- **Exercise**
Your copy must hold all of the data below, unchanged and without images.

BEGIN Data provided

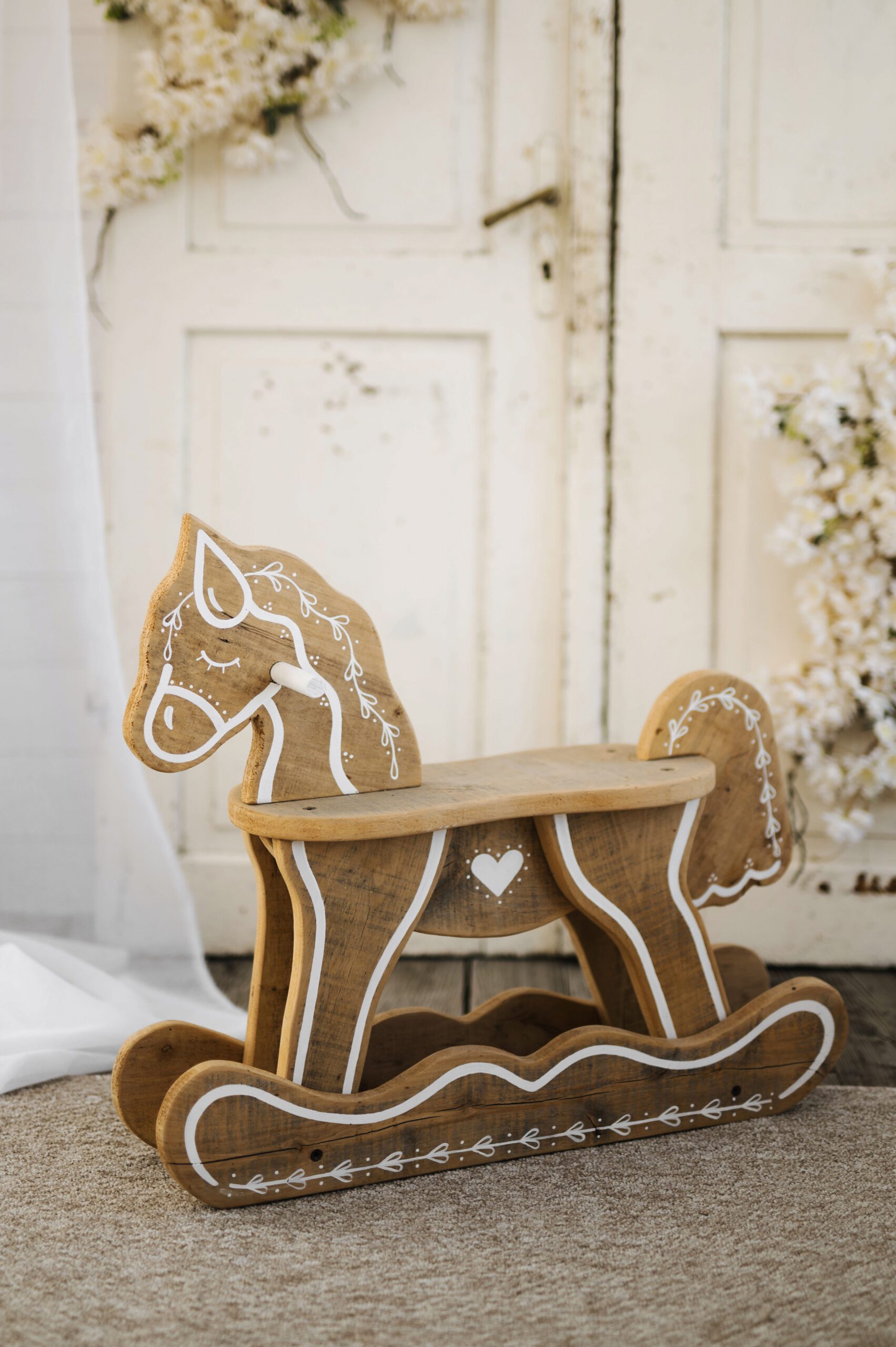 Das Pferd ist handbemalt und aus altem Holz gefertigt.
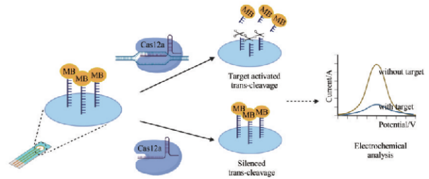 2019年,Dai等開發(fā)了基于CRISPR-Cas12a的E-CRISPR檢測技術(shù),通過CRISPR-Cas系統(tǒng)來影響電信號輸出,利用Cas12a的反式切割活性獲得高傳導(dǎo)信號。該檢測技術(shù)將修飾有3′-亞甲基藍(lán)(3′-MB)標(biāo)簽的ssDNA報告分子固定于金電極上,在靶DNA存在的情況下,Cas12a-crRNA反式切割MB-ssDNA分子,亞甲基藍(lán)標(biāo)簽的分離,會使電化學(xué)信號降低。在沒有靶標(biāo)DNA存在時,Cas12a的反式切割活性保持沉默,ssDNA分子保留在電極表面,從而導(dǎo)致亞甲基藍(lán)的高電化學(xué)電流。
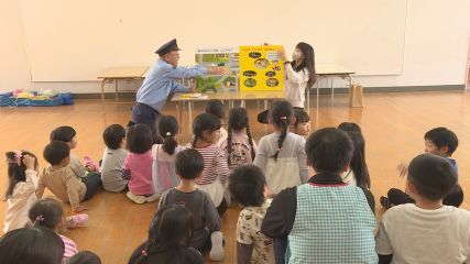 全国地域安全運動の一環として、警察による防犯絵本の読み聞かせが今週火曜日から市内の保育園で行われています。このうち上郷保育園ではおととい水曜日、上郷駐在所の森岩春雄所長が3歳から5歳の園児たちに防犯絵本を読み聞かせました。森岩所長は知らない人から声をかけられたときの対処をはじめ、犯罪や思わぬ事故に巻き込まれないようにするためのポイントを伝えていました。園児たちは自分自身を守るために大切な約束ごとを学び、何か困ったときは身近な大人を頼ったり相談したりすることを誓っていました。なお防犯絵本の読み聞かせは、上郷保育園を含む市内8つの保育園で実施され今月23日まで続きます。
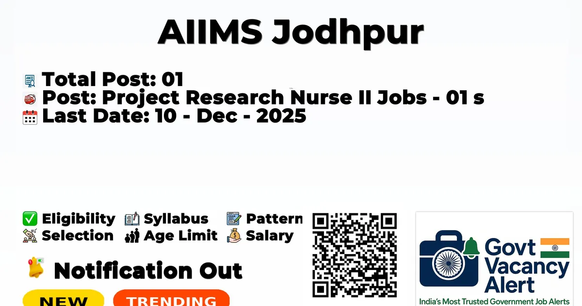 All India Institute of Medical Sciences Jodhpur (AIIMS Jodhpur) has declared the official notification for 2025. To fill up the vacancies for Project Research Nurse II Jobs. Those candidates who have qualified in the GNM can grab this chance and apply for the AIIMS Jodhpur Recruitment 2025. Here, we meant the age limit, selection process, salary structure, education details, application fee, and how to apply for these posts. Interested and eligible candidates can attend the walk-in at the address given below.
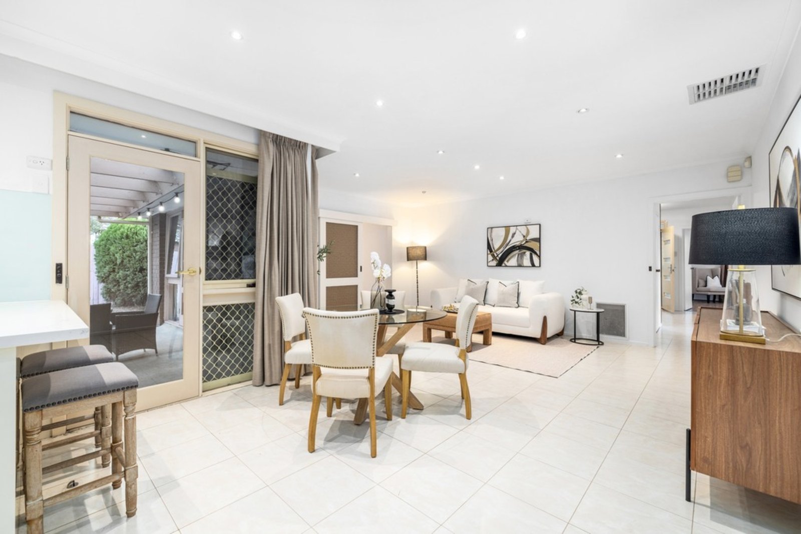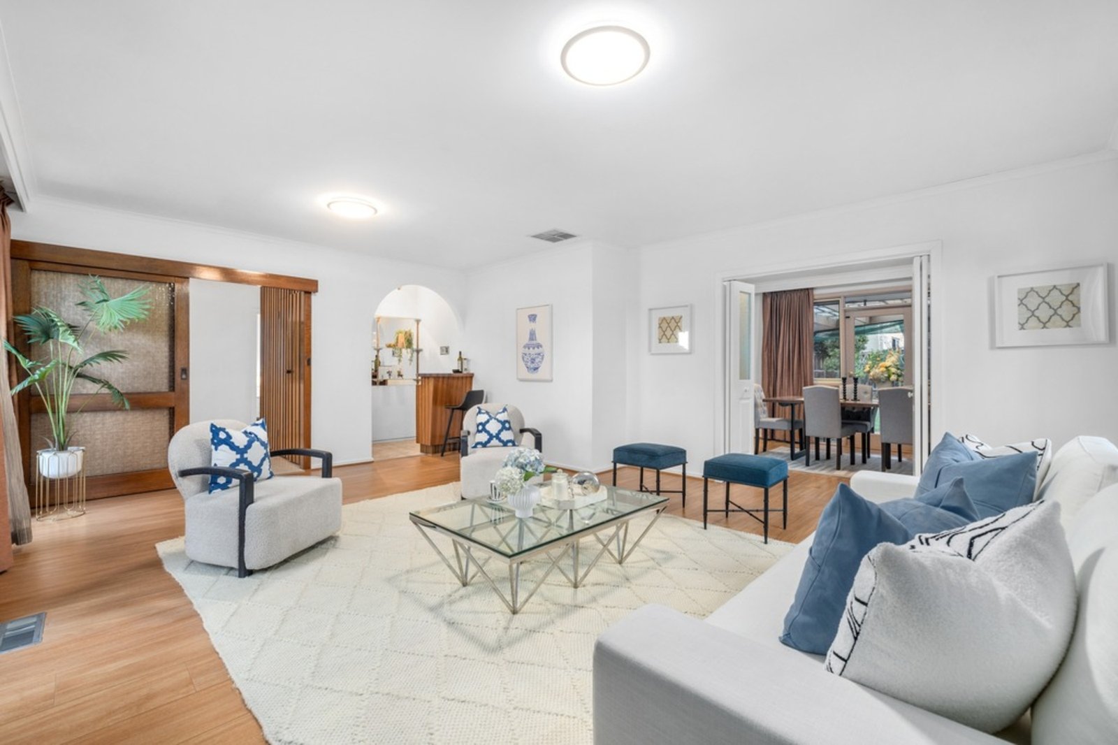 Glowing with northerly sunshine, the generous formal lounge room is perfect for socialising with friends thanks to its entertainer’s bar and bifold door access through to a defined dining room.
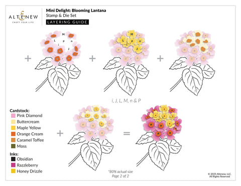 The Mini Delight: Blooming Lantana Stamp & Die Set makes creating lush, dimensional florals a breeze! The stamp set includes a delicate stem and 15 labeled flower centers (A–P) so you can easily stamp and build a beautiful lantana bloom with precise placement. Pair it with the coordinating die set, which features 15 matching die-cut blossoms, each etched with a corresponding letter for stress-free layering. Just follow the alphabet to craft a full, vibrant bloom bursting with texture, color, and charm. Beginner or seasoned, this little set packs a big creative punch!
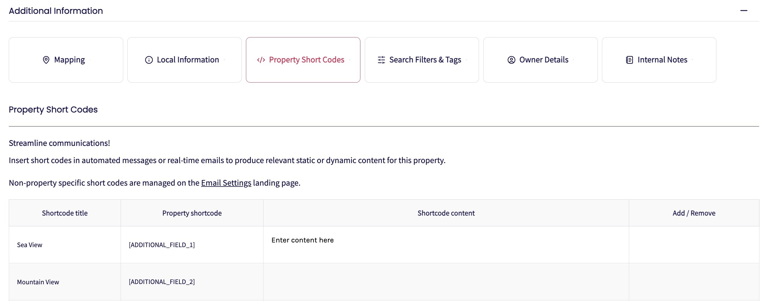 Insert short codes in automated messages or real-time emails to produce relevant static or dynamic content for this property
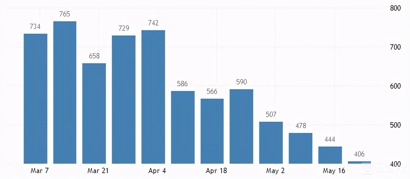 昨日最新公布的上周初次申请失业金人数再次减少,从此前的44.4万人减少至40.6万人。这是自去年美国3月份疫情以来,当周失业金领取人数最低的水平,也远低于市场预期的42.5万,
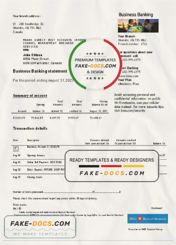 Grab now fully editable Canada BMO Bank of Montreal Bank Statement Word Template from our website Fake Docs and put your own info to create Fake Bank Statement Word template and ready your own novelty documents. It’ll be so beneficial if your Bank Statement is expired, stolen or not available. We also have passport psd template, ID Card psd template, Bank Statement psd template, drivers license psd template & Utility bill psd template
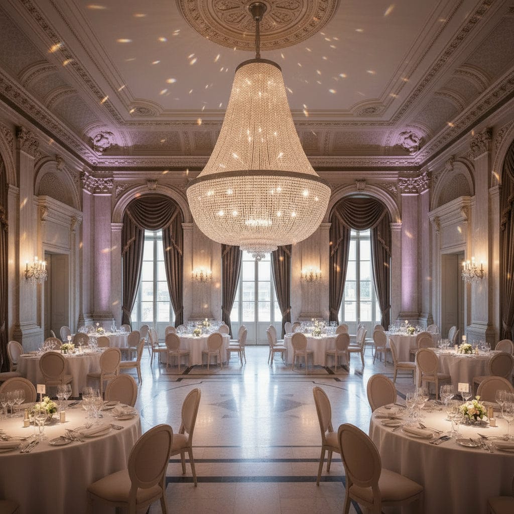 Grand lustre en cristal pour grandes salles de réception avec fabrication européenne et éclairage spectaculaire pour plafonds hauts
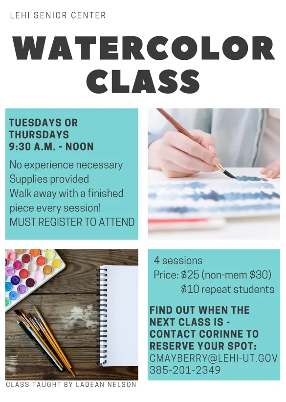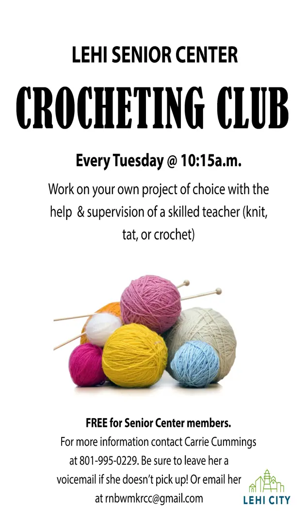 Read the newsletter below for more information on all the activities and trips happening in the Senior Center this month. If you would like to receive this newsletter each month via email, email Lacey at lbrems@lehi-ut.gov. You can also pick up a hard copy in the Senior Center.
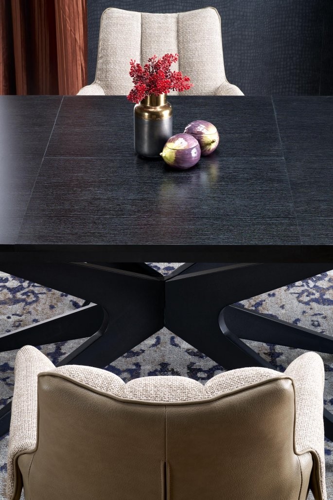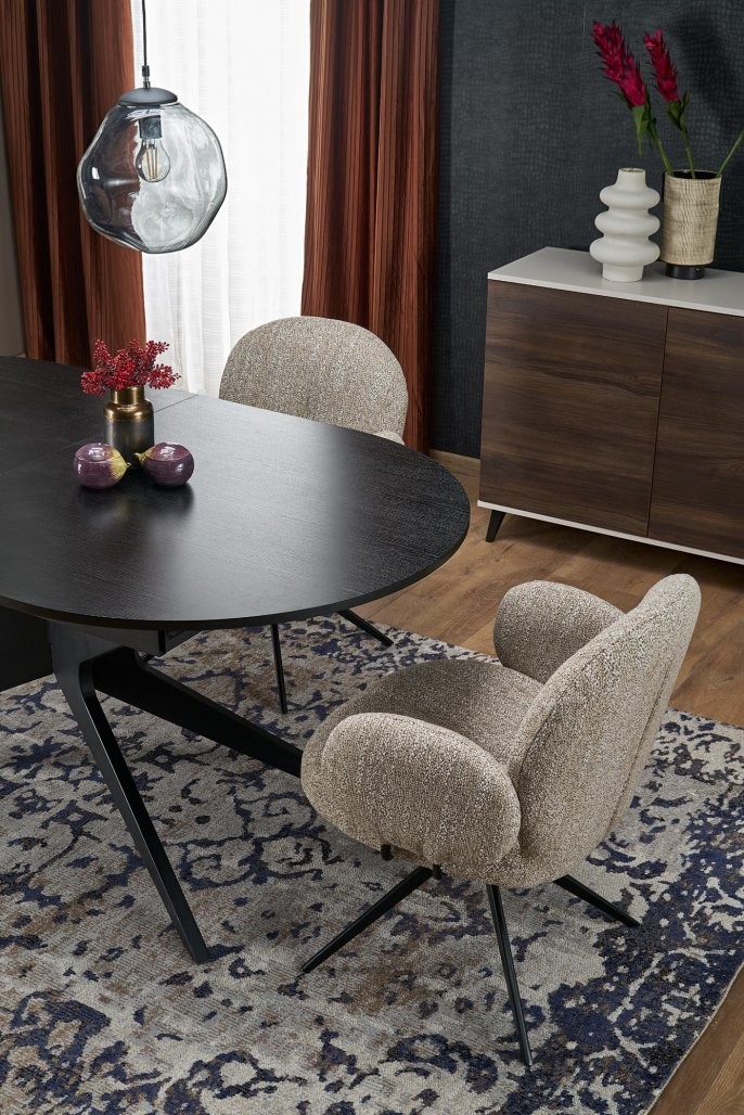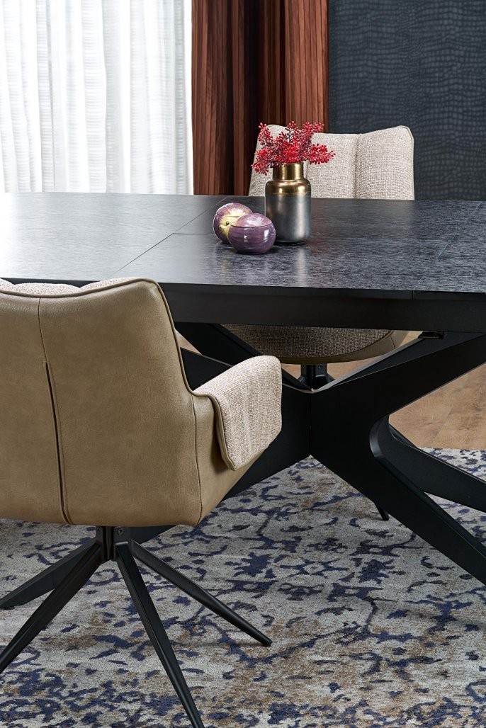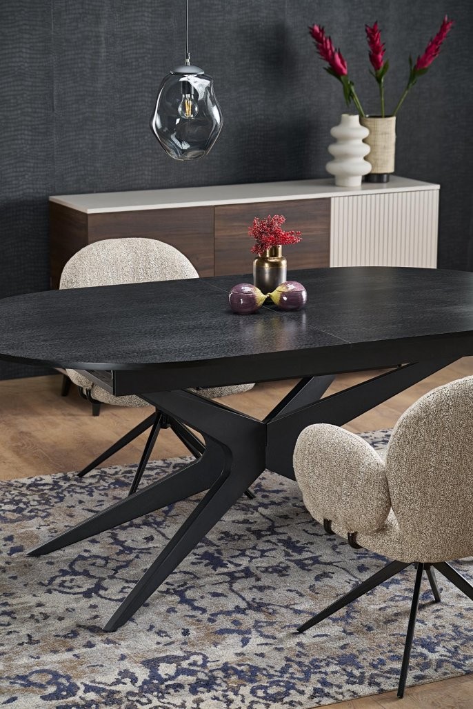 Miza se ponaša z inovativnim raztegljivim mehanizmom, ki omogoča enostavno podaljšanje dolžine iz 180 cm na 240 cm, kar vam daje izjemno prilagodljivost. Izdelana je iz visokokakovostnih materialov, kot sta laminiran MDF z melaminom za mizno ploščo, ki zagotavlja trpežnost in odpornost na praske, in prašno lakirano jeklo za stabilne noge. Ta kombinacija materialov in črne barve prinaša sodoben in nevtralen videz, ki se odlično ujema z različnimi stili notranje opreme.

END Data provided

- **Exercise result**
 Das Pferd ist handbemalt und aus altem Holz gefertigt.
 2019年,Dai等開發(fā)了基于CRISPR-Cas12a的E-CRISPR檢測技術(shù),通過CRISPR-Cas系統(tǒng)來影響電信號輸出,利用Cas12a的反式切割活性獲得高傳導(dǎo)信號。該檢測技術(shù)將修飾有3′-亞甲基藍(lán)(3′-MB)標(biāo)簽的ssDNA報告分子固定于金電極上,在靶DNA存在的情況下,Cas12a-crRNA反式切割MB-ssDNA分子,亞甲基藍(lán)標(biāo)簽的分離,會使電化學(xué)信號降低。在沒有靶標(biāo)DNA存在時,Cas12a的反式切割活性保持沉默,ssDNA分子保留在電極表面,從而導(dǎo)致亞甲基藍(lán)的高電化學(xué)電流。
 全国地域安全運動の一環として、警察による防犯絵本の読み聞かせが今週火曜日から市内の保育園で行われています。このうち上郷保育園ではおととい水曜日、上郷駐在所の森岩春雄所長が3歳から5歳の園児たちに防犯絵本を読み聞かせました。森岩所長は知らない人から声をかけられたときの対処をはじめ、犯罪や思わぬ事故に巻き込まれないようにするためのポイントを伝えていました。園児たちは自分自身を守るために大切な約束ごとを学び、何か困ったときは身近な大人を頼ったり相談したりすることを誓っていました。なお防犯絵本の読み聞かせは、上郷保育園を含む市内8つの保育園で実施され今月23日まで続きます。
 All India Institute of Medical Sciences Jodhpur (AIIMS Jodhpur) has declared the official notification for 2025. To fill up the vacancies for Project Research Nurse II Jobs. Those candidates who have qualified in the GNM can grab this chance and apply for the AIIMS Jodhpur Recruitment 2025. Here, we meant the age limit, selection process, salary structure, education details, application fee, and how to apply for these posts. Interested and eligible candidates can attend the walk-in at the address given below.
 Glowing with northerly sunshine, the generous formal lounge room is perfect for socialising with friends thanks to its entertainer’s bar and bifold door access through to a defined dining room.
 The Mini Delight: Blooming Lantana Stamp & Die Set makes creating lush, dimensional florals a breeze! The stamp set includes a delicate stem and 15 labeled flower centers (A–P) so you can easily stamp and build a beautiful lantana bloom with precise placement. Pair it with the coordinating die set, which features 15 matching die-cut blossoms, each etched with a corresponding letter for stress-free layering. Just follow the alphabet to craft a full, vibrant bloom bursting with texture, color, and charm. Beginner or seasoned, this little set packs a big creative punch!
 Insert short codes in automated messages or real-time emails to produce relevant static or dynamic content for this property
 昨日最新公布的上周初次申请失业金人数再次减少,从此前的44.4万人减少至40.6万人。这是自去年美国3月份疫情以来,当周失业金领取人数最低的水平,也远低于市场预期的42.5万,
 Grab now fully editable Canada BMO Bank of Montreal Bank Statement Word Template from our website Fake Docs and put your own info to create Fake Bank Statement Word template and ready your own novelty documents. It’ll be so beneficial if your Bank Statement is expired, stolen or not available. We also have passport psd template, ID Card psd template, Bank Statement psd template, drivers license psd template & Utility bill psd template
 Grand lustre en cristal pour grandes salles de réception avec fabrication européenne et éclairage spectaculaire pour plafonds hauts
 Read the newsletter below for more information on all the activities and trips happening in the Senior Center this month. If you would like to receive this newsletter each month via email, email Lacey at lbrems@lehi-ut.gov. You can also pick up a hard copy in the Senior Center.
 Miza se ponaša z inovativnim raztegljivim mehanizmom, ki omogoča enostavno podaljšanje dolžine iz 180 cm na 240 cm, kar vam daje izjemno prilagodljivost. Izdelana je iz visokokakovostnih materialov, kot sta laminiran MDF z melaminom za mizno ploščo, ki zagotavlja trpežnost in odpornost na praske, in prašno lakirano jeklo za stabilne noge. Ta kombinacija materialov in črne barve prinaša sodoben in nevtralen videz, ki se odlično ujema z različnimi stili notranje opreme.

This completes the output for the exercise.